The couple had been friends with Senator John Henry Eaton since 1818, when Eaton was a 28-year-old widower and newly-elected U.S. Senator. After Timberlake told Eaton about their financial problems, Eaton unsuccessfully attempted to get the Senate to pass a petition to pay Timberlake's debts accrued while in the Navy. While away on a four-year sea voyage on the USS Constitution, Timberlake died of pulmonary disease in 1828 -- although there were allegations he had committed suicide.[1]

With the encouragement of President Andrew Jackson, who liked them both, Peggy Timberlake and Eaton married shortly after her husband's death -- although according to the social mores of the day, it would have been more proper for them to wait a longer time. Their action scandalized respectable people of the capital, especially many women. Second Lady Floride Calhoun, the wife of Vice President John C. Calhoun, led a phalanx of other Cabinet wives in an "anti-Peggy" coalition. Prominent women snubbed Margaret Eaton.

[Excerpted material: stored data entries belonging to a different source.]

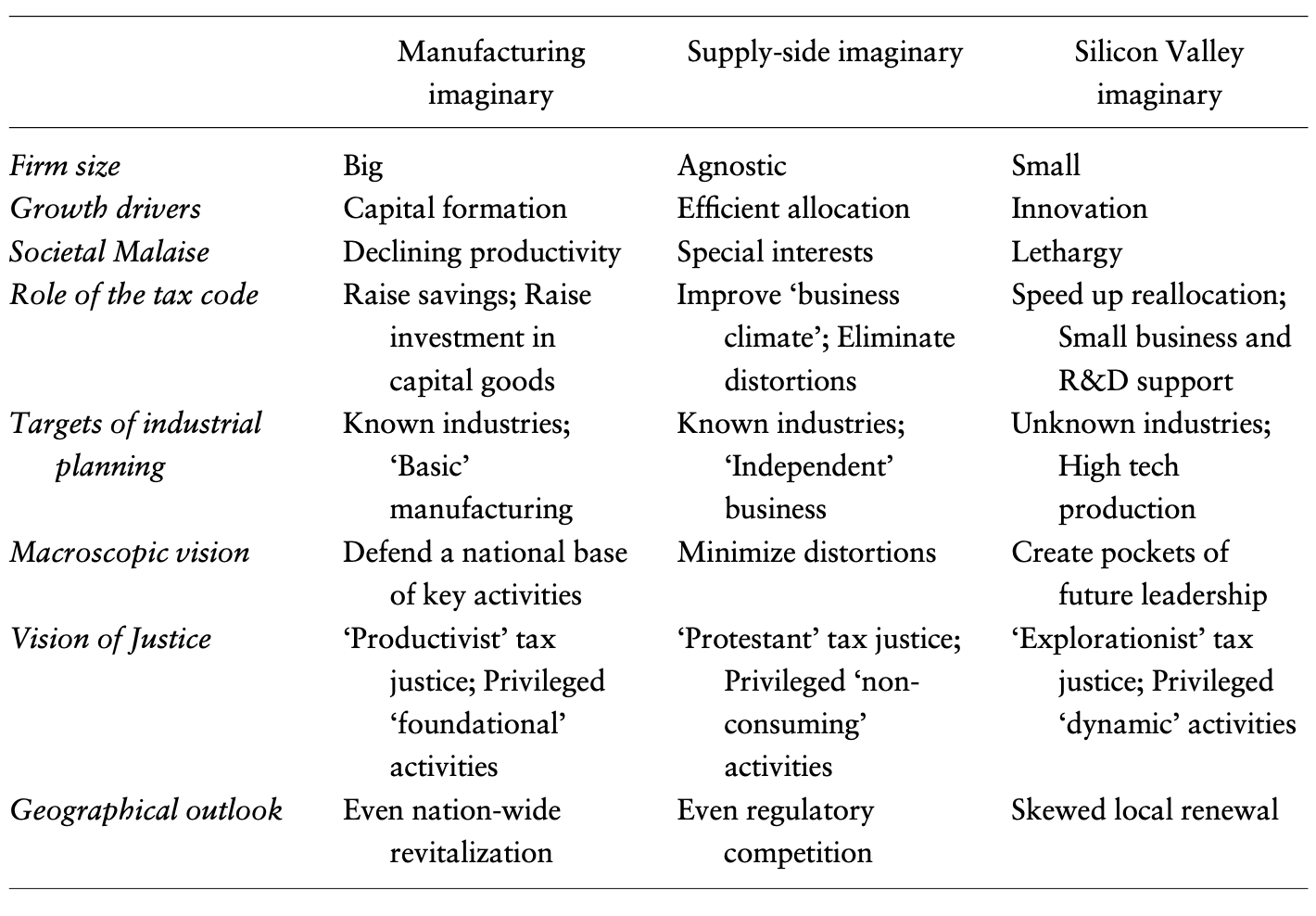 How do policy paradigms change? This article demonstrates that changing social imaginaries about economic growth enabled paradigmatic changes in USA corporate tax policy in the 1980s. Based on archival sources, it reconstructs how policy makers switched from focused support for capital-intensive smoke-stack industries towards support for emerging high tech-sectors between two major tax-bills in 1981 and 1986. This switch was made possible by the emergence of what we call the Silicon Valley imaginary—the idea that sound economic policies stimulate the reallocation of society’s resources towards new economic fields. The emergence of this social imaginary resulted from political realignments and changing notions of economic growth and justice. The search for sources of future economic growth and societal coalitions led policy-makers to appropriate ideas about the promises of new industries.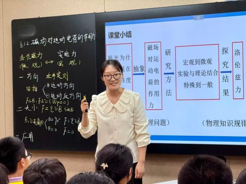 大连第八中学王雅丽老师的讲座对磁场部分教材做了详细分析,梳理教材内容,给出教学建议,在难点处用AI制作动画,展示带电粒子在电磁场中运动,突破难点,帮助学生建构物理模型。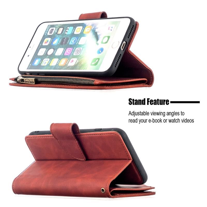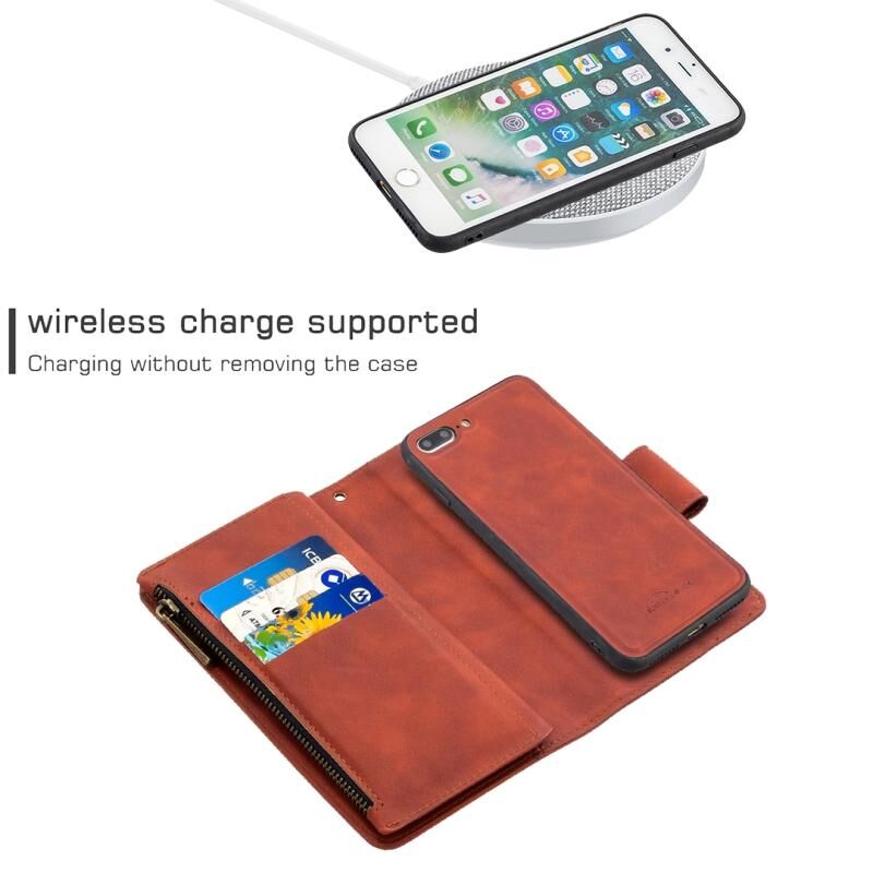 Θήκη για iPhone 8 Plus με αίσθηση δέρματος, αποσπώμενη, μαγνητική, οριζόντια, με φερμουάρ, από δερματίνη PU, με πολλαπλές θήκες για κάρτες, βάση, πορτοφόλι, κορνίζα φωτογραφιών & λουρί (Καφέ)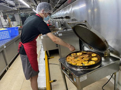 最后,两支部党员开展劳动教育主题党日活动——《后勤烘培小课堂》。员工党员们有序进入食堂作业间,跟着资深烘焙师傅学习制作老婆饼和南瓜饼,活动过程气氛十分活跃。活动结束后,师生们纷纷表示本次活动非常有意义,不仅学习了烘焙知识、感受到食品的来之不易,更体验了劳作的乐趣,是一次充实的课外实践活动!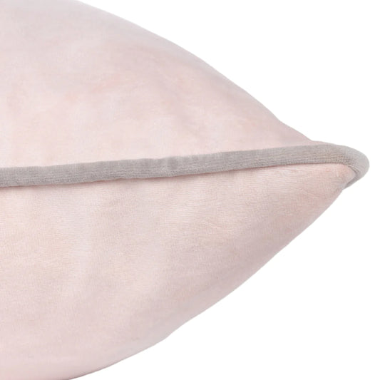 Large Piped Velvet Cushion - Blush Pink with Grey Trim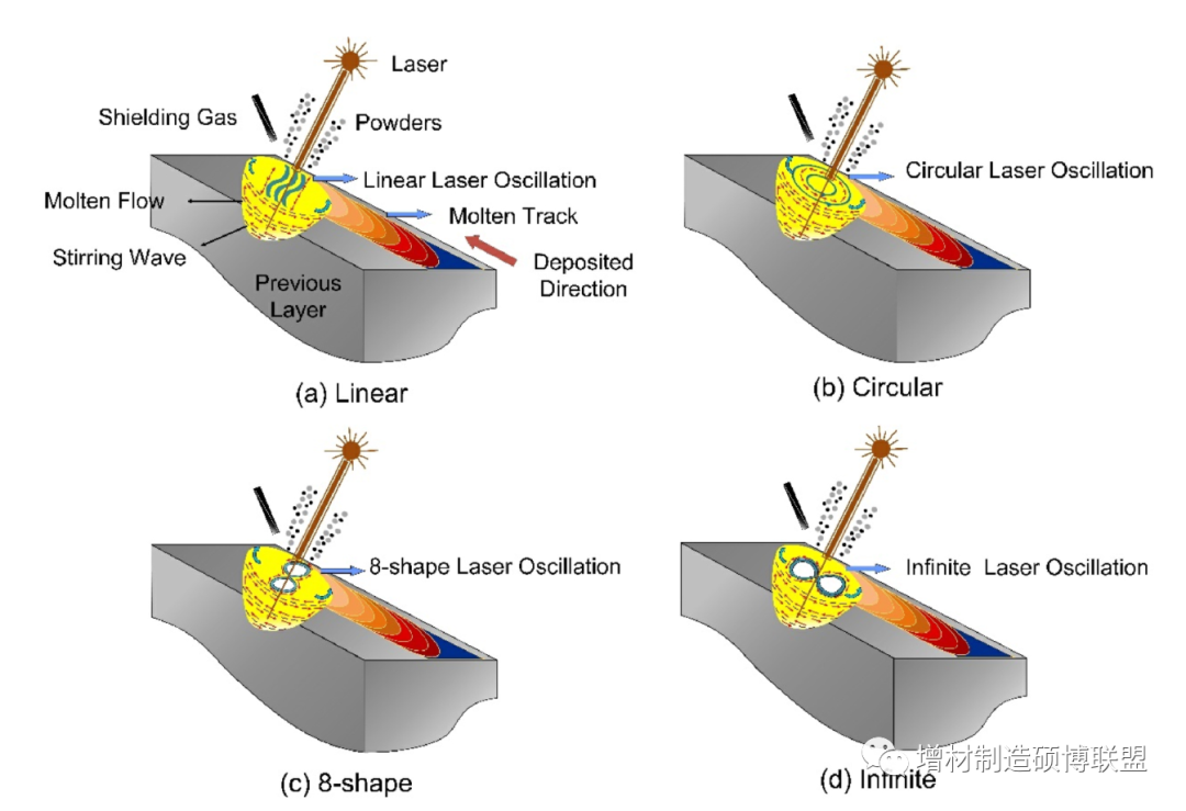 在本研究中,研究了一种新型的集成增材制造技术——振荡激光熔化沉积,并在线性、圆形、8形和无限四种激光振荡下制备了Ti6Al4V。分析了不同激光振荡对合金显微组织演变和力学性能的影响。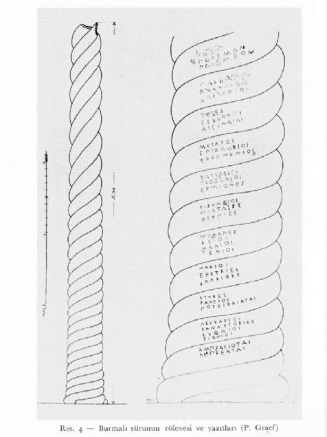 Başa dönersek, anıt dikildiği zaman Sparta kralı Pausanias anıtın üzerine adını yazdırır. Bu şehir devletlerinin yöneticilerini rahatsız eder.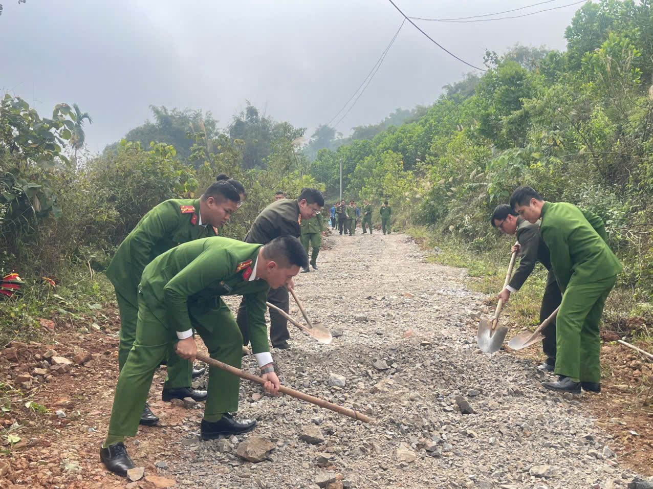 Bên cạnh nhiệm vụ chuyên môn, đơn vị đã tổ chức nhiều hoạt động hướng về cộng đồng đầy ý nghĩa. Điển hình là việc phối hợp với các lực lượng và chính quyền địa phương tổ chức cho đoàn viên thanh niên tham gia hỗ trợ nhân dân xã Mường Bi xây dựng đường giao thông nông thôn. Đây là hoạt động thiết thực nhằm chung tay cải thiện hạ tầng cơ sở, thúc đẩy phát triển kinh tế - xã hội tại địa phương, đồng thời góp phần lan tỏa hình ảnh đẹp về người chiến sĩ Công an nhân dân trong lòng nhân dân.

Martin Van Buren, a widower and the only unmarried member of the Cabinet, allied himself with the Eatons. Jackson was sympathetic to the Eatons, in part, perhaps, because his own beloved late wife, Rachel Donelson Robards, had been the subject of innuendo. Jackson believed such rumors were the cause of her heart attack and death December 22, 1828, several weeks after his election. (Her first marriage had not yet been legally ended at the time of her wedding to Jackson.) Even Rachel's niece Emily Donelson, whom Jackson called on as his "First Lady", sided with the Calhoun faction.

Jackson appointed Eaton as his Secretary of War, hoping to limit the rumors, but the scandal intensified. Jackson felt political opponents, especially those around Calhoun, were feeding the controversy.[1] The controversy finally resulted in the resignation of almost all members of the Cabinet over a period of weeks in the spring of 1831. Postmaster William T. Barry would be the lone member to stay.

Jackson elevated Van Buren as his favorite and replaced Calhoun as vice presidential running mate in his re-election campaign. Van Buren thus became the de facto heir to the Democratic Party. Although Emily Donelson had supported Floride Calhoun, Jackson kept his niece as his official hostess.

John Calhoun and his wife returned to South Carolina. In 1832, he won a seat in the U.S. Senate. He advocated states' rights, slavery, and economic issues affecting the South, eventually including secession from the Union.